Search the records for the string "Krupá", and show each line where it appears.

Available records:
------------------------------------

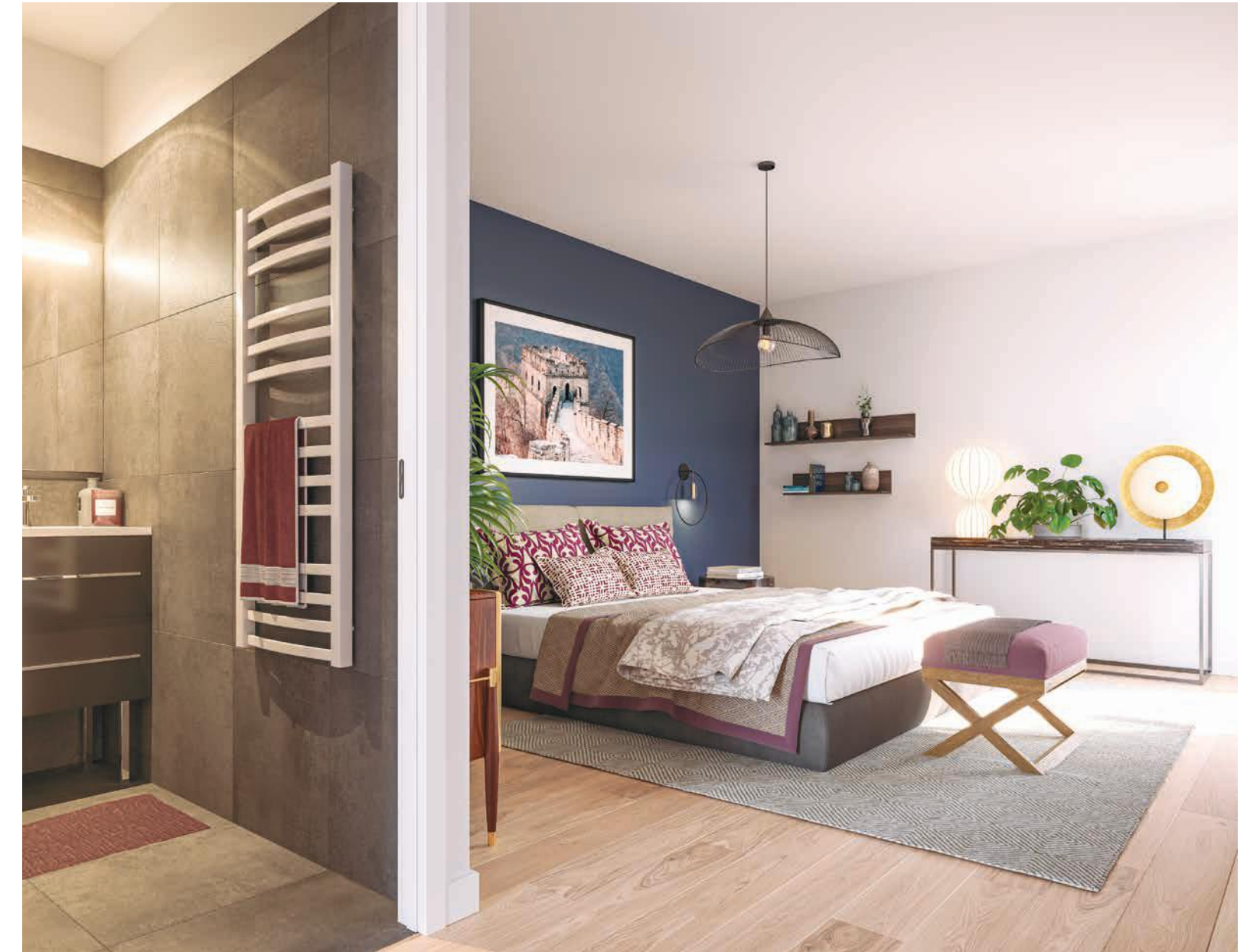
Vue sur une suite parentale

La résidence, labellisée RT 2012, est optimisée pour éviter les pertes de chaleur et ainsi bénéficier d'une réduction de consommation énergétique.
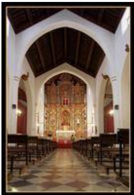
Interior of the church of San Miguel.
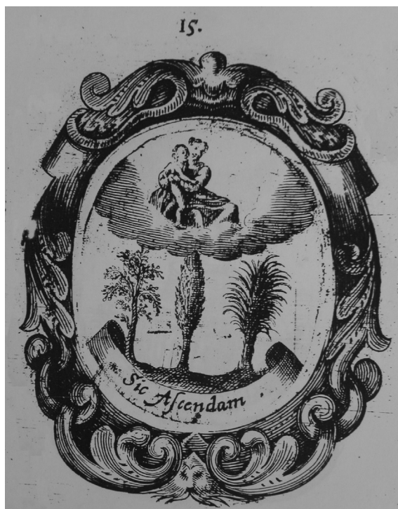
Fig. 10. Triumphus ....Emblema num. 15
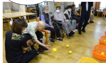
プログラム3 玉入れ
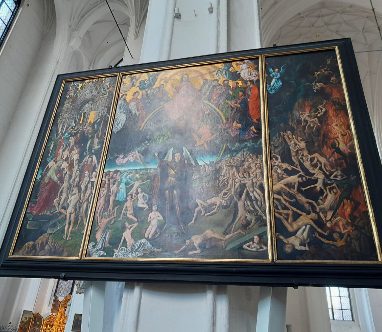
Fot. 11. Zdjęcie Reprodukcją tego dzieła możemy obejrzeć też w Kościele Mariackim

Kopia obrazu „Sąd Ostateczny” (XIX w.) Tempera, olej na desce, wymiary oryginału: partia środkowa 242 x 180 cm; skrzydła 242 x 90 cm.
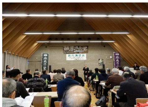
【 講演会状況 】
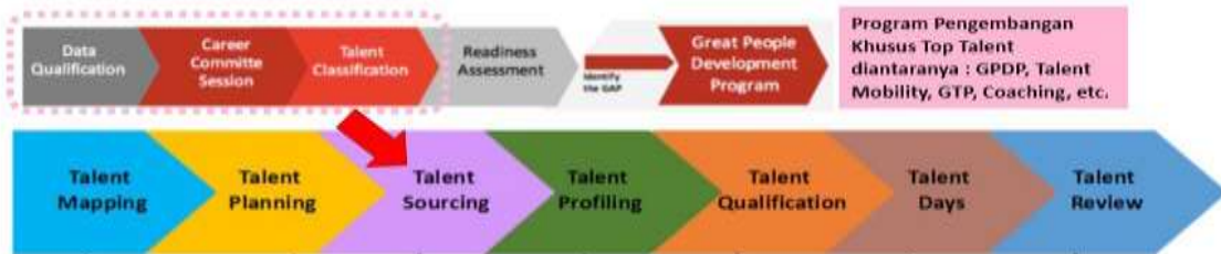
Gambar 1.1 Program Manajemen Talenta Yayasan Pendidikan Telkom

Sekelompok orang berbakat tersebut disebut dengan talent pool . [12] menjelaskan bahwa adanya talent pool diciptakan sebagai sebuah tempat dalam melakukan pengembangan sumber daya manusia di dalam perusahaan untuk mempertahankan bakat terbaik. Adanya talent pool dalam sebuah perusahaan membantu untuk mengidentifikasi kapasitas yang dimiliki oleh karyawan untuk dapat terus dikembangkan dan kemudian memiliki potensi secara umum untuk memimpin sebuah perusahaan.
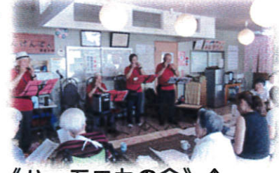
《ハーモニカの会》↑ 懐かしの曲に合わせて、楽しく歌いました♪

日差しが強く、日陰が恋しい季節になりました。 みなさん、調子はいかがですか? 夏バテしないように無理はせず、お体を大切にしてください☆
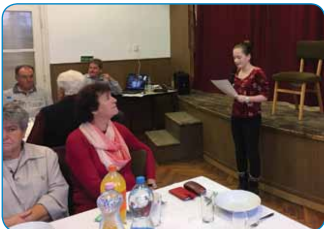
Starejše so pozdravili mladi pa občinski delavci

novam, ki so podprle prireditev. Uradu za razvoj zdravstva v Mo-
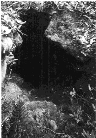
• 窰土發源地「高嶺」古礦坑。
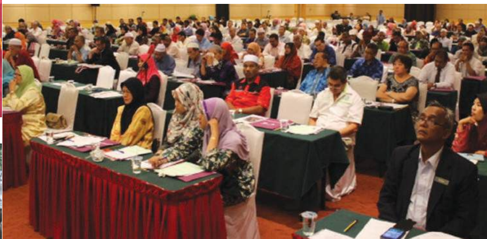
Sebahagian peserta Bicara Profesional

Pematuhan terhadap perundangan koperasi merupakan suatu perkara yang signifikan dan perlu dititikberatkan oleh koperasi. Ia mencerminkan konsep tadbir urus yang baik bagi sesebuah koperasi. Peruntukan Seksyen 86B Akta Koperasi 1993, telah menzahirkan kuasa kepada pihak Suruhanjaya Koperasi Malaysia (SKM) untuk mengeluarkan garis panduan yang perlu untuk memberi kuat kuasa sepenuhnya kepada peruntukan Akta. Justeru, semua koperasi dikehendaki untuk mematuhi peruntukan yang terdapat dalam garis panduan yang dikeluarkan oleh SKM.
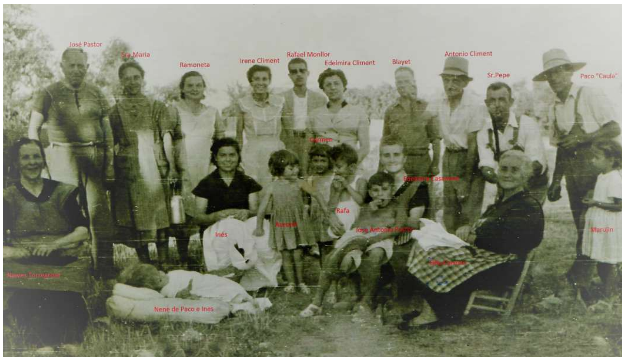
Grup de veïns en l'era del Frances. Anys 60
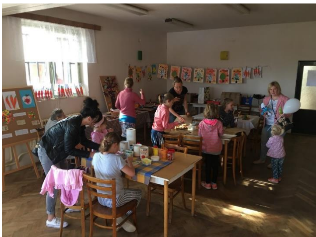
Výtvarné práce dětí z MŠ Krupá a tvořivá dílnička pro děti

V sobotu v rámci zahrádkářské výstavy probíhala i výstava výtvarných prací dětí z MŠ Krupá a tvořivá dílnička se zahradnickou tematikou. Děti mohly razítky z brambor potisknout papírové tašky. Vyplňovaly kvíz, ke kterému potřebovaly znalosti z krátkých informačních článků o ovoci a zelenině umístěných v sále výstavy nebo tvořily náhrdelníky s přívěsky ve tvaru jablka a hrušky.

------------------------------------

Written reply:
Výtvarné práce dětí z MŠ Krupá a tvořivá dílnička pro děti
V sobotu v rámci zahrádkářské výstavy probíhala i výstava výtvarných prací dětí z MŠ Krupá a tvořivá dílnička se zahradnickou tematikou. Děti mohly razítky z brambor potisknout papírové tašky. Vyplňovaly kvíz, ke kterému potřebovaly znalosti z krátkých informačních článků o ovoci a zelenině umístěných v sále výstavy nebo tvořily náhrdelníky s přívěsky ve tvaru jablka a hrušky.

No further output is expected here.